Coleman Barks
Robert Bly

Excerpt from "Poems of Rumi" read by Coleman Barks and Robert Bly

Poems of Rumi Cover We are delighted to offer this excerpt from "The Poems of Rumi" as read by Coleman Barks, leading scholar and translator of Rumi poetry, and Robert Bly, poet, author, and leader of the men's movement. Jalaluddin Rumi is a beloved as a spiritual master and one of the greatest poets of all time. 

The dictionaries have no entry for the sort of love we have. If you can define a road, it’s not the lover’s road. The high branches of love shoot up into the air that exists before eternity and the roots grow down into the earth after eternity. This tree doesn’t stand around isolated on the earth. We have pulled the sober watcher from his throne. We’ve moved the said rules for animal and instinctual life. The kind of love that we know of is too great for this sober watcher, and for this simple instinctual life. Now, if you believe that your need can be met and you’re wanting, satisfied from the outside, you are really a tiger or a cougar. You pray any longer to wooden idols, then why do you keep praying to your desire? If you become the one you long for, what will you do with your longing? The captain stalks on the deck of his ship. The planks are his spears of the bad things that may happen, and the wood is his longing for marvelous things to happen. When the captain and the board both sink, nothing remains but the drowning. The teacher I love is the ocean and also the pearl deep in the ocean. His personality is the one secret the holy one never gave away. 

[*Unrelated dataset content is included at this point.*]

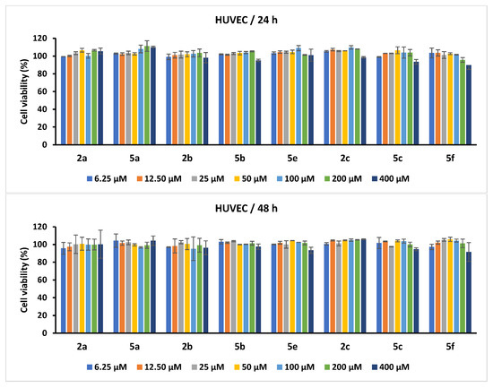 The normal HUVEC, used as reference cells of the assays, were treated for 24 h and 48 h with all the compounds under study, in the same experimental conditions as those performed on the cancer cell lines derived from various human solid adenocarcinomas. Treatments of HUVEC cells for 24 h with scalar concentrations of new compounds had no influence on cell growth or demonstrated low cytotoxicity, except 5f when cells were treated by 400 μM and the cell viability percentages diminished to 90% (Figure 15). Even when the treatment time was prolonged till 48 h, the inhibition of cell growth did not increase, 400 μM of 5f inducing a decrease in the cell viability to 91.57% (Figure 15). Therefore, the endothelial cells seemed not to be much affected by compound treatments, even used at high concentrations or prolonged time (Figure 15).

Once a sheikh and a disciple were walking quickly toward a town where it’s known there is very little to eat. The disciple says nothing but he is constantly afraid of going hungry. The teacher knows what the student thinks. How long will you be frightened of the future because you love food? You have closed the eye of self-denial and forgotten who provides. Don’t worry, you’ll have your walnuts and raisins and special deserts. Only the true favorites get hunger for their daily bread. You’re not one of those. Whoever loves the belly is brought bowl after bowl from the kitchen. When such a person dies, the bread itself comes to the funeral and makes a speech. “O corpse, you almost killed yourself with worrying about food. Now you’re gone and food is still here, more than enough. Have some free bread. Bread is more in love with you than you with it. It sits and waits for days. It knows you have no will. If you could fast, bread would jump into your lap as lovers do with each other. Be full with trusting, not with these childish fears of famine.”